Highlights & Insights

  • Bregman divergence → GNH is a beautiful theoretical substitution: Resolves the impracticality of second-order methods requiring base convergence to a stationary point, opening new avenues for all Hessian-based LLM editing/fine-tuning/continual learning work.
  • Proposition 1 unifies the AlphaEdit / Adam-NSCL lineage: Clearly states "these methods are special cases of ours," providing theoretical unification and explaining experimental gaps—such "framework" work is highly citable.
  • Matrix-free Kronecker projection: A numerical linear algebra trick, but the memory/speed gains (3.4TB → 200MB, hours → minutes) are decisive engineering breakthroughs; this technique is directly transferable to any K-FAC application (second-order training, curvature regularization, etc.).
  • Autoregressive (WILD) evaluation: The paper adopts yang-etal-2025-mirage's true generation evaluation, exposing many seemingly SOTA methods as "teacher-forced illusions"; this is a valuable lesson for those evaluating editing.

Limitations & Future Work

  • The authors acknowledge K-FAC is a block-diagonal approximation, ignoring inter-layer coupling; when editing across multiple layers, approximation may lose accuracy.

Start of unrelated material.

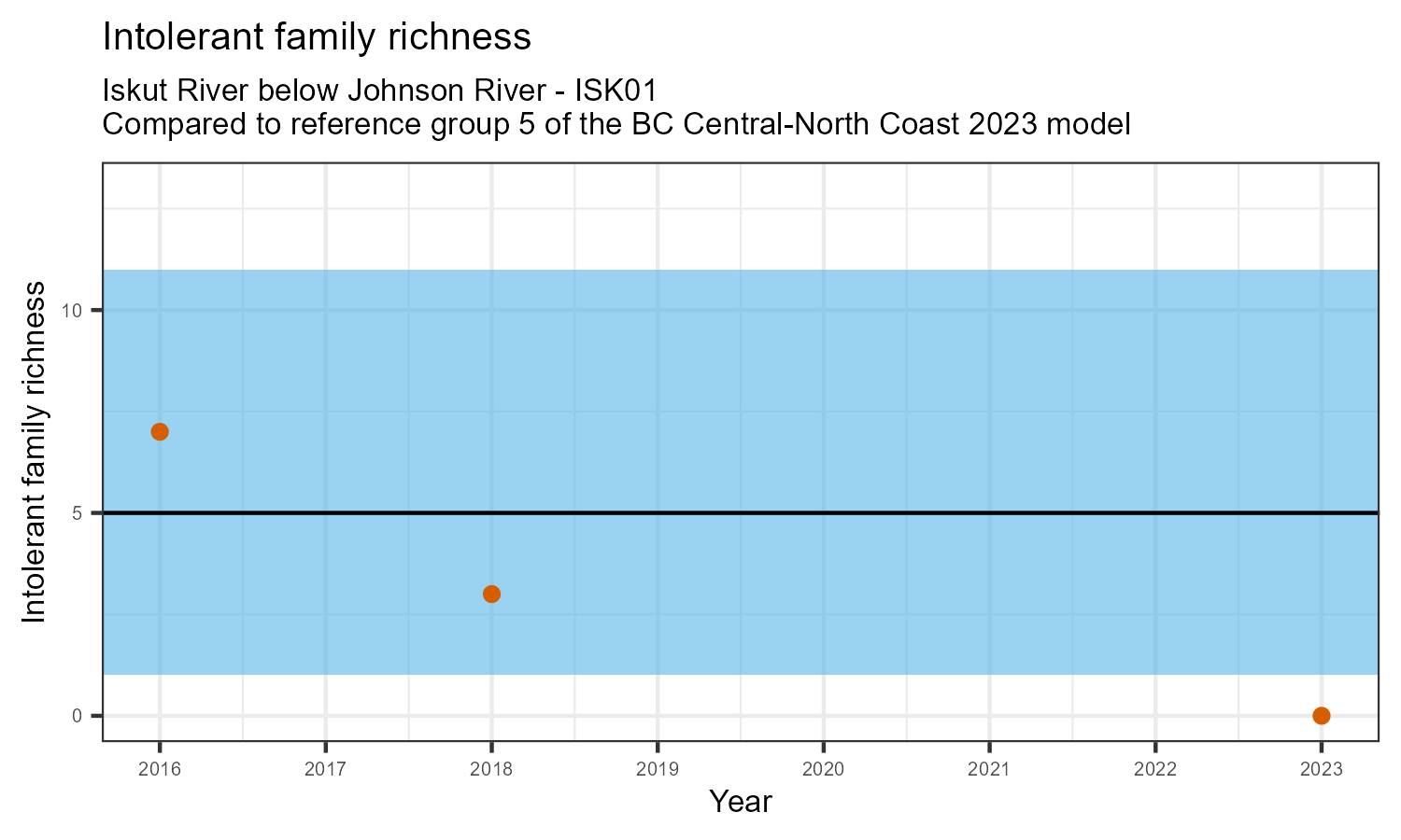 Intolerant family richness counts the number of taxonomic families that are sensitive (intolerant) to pollution, according to the Hilsenhoff Biotic Index. Intolerant family richness may decrease as water pollution increases.

The paper uses EK-FAC to mitigate but not fully resolve this.
  • The choice of "capability reference set" \(\mathcal{D}_{\text{cap}}\) is crucial—if it mismatches the target benchmark distribution, the projection may not preserve the relevant capability. The paper uses WikiText as a general corpus, but reasoning-heavy tasks like GSM8K may require a reasoning-focused calibration set.
  • Only validated on LLaMA-3-8B and Qwen-2.5-1.5B, not tested on 70B+ models; K-FAC factor size still grows with \(d^2\), so further compression is needed for larger models (especially MoE).
  • \(\gamma\) is a key hyperparameter (energy threshold), requiring task-specific tuning; the paper searches \(1 - 10^{-k}\), but does not provide "zero-cost selection of \(\gamma\) for new tasks."
  • Sequential editing with CrispEdit-Seq still shows some generalization drop (ZsRE: 80.5 → 71.1), indicating streaming K-FAC accumulation is not fully lossless.
  • vs AlphaEdit / Adam-NSCL: Both project onto capability null space, but use activation covariance \(K_{\text{cap}}\); Proposition 1 proves this is an overly strict special case of CrispEdit. Experimentally, MMLU differs by 17 points, and CrispEdit achieves higher edit success, revealing "conservativeness" is not always "safety."
  • vs MEMIT / ROME: Both perform "locate + edit," but under autoregressive evaluation, MMLU drops catastrophically (22.9 vs 69.5); CrispEdit does not rely on "knowledge localization" assumptions, making it more broadly applicable.
  • vs LoRA / FT: Fine-tuning methods collapse in sequential editing (LoRA Sequential GSM8K 0.0) due to lack of explicit capability preservation constraints; CrispEdit implements constraints as projectors, complementing FT.
  • vs UltraEdit: UltraEdit is faster (3 min), but edit success is only 20.0; CrispEdit achieves 80.5 in 4 min, dominating the time-quality Pareto frontier.

Rating

  • Novelty: ⭐⭐⭐⭐⭐ Bregman → GNH substitution + matrix-free Kronecker projection are clear innovations; Proposition 1 subsumes prior methods as special cases.
  • Experimental Thoroughness: ⭐⭐⭐⭐ 2 bases × 3 edit datasets × 5 capability benchmarks × autoregressive evaluation, including sequential and small-scale controls; lacks 70B+ validation.
  • Writing Quality: ⭐⭐⭐⭐⭐ Figure 2 geometric intuition, Proposition 1 rigorous proof, Algorithm 1/2 pseudocode, and clear experimental tables; concise writing.
  • Value: ⭐⭐⭐⭐⭐ Provides a truly practical solution for "productized model editing" (4 min, 1% drop), unifies multiple heuristic editing methods, with high academic and engineering value.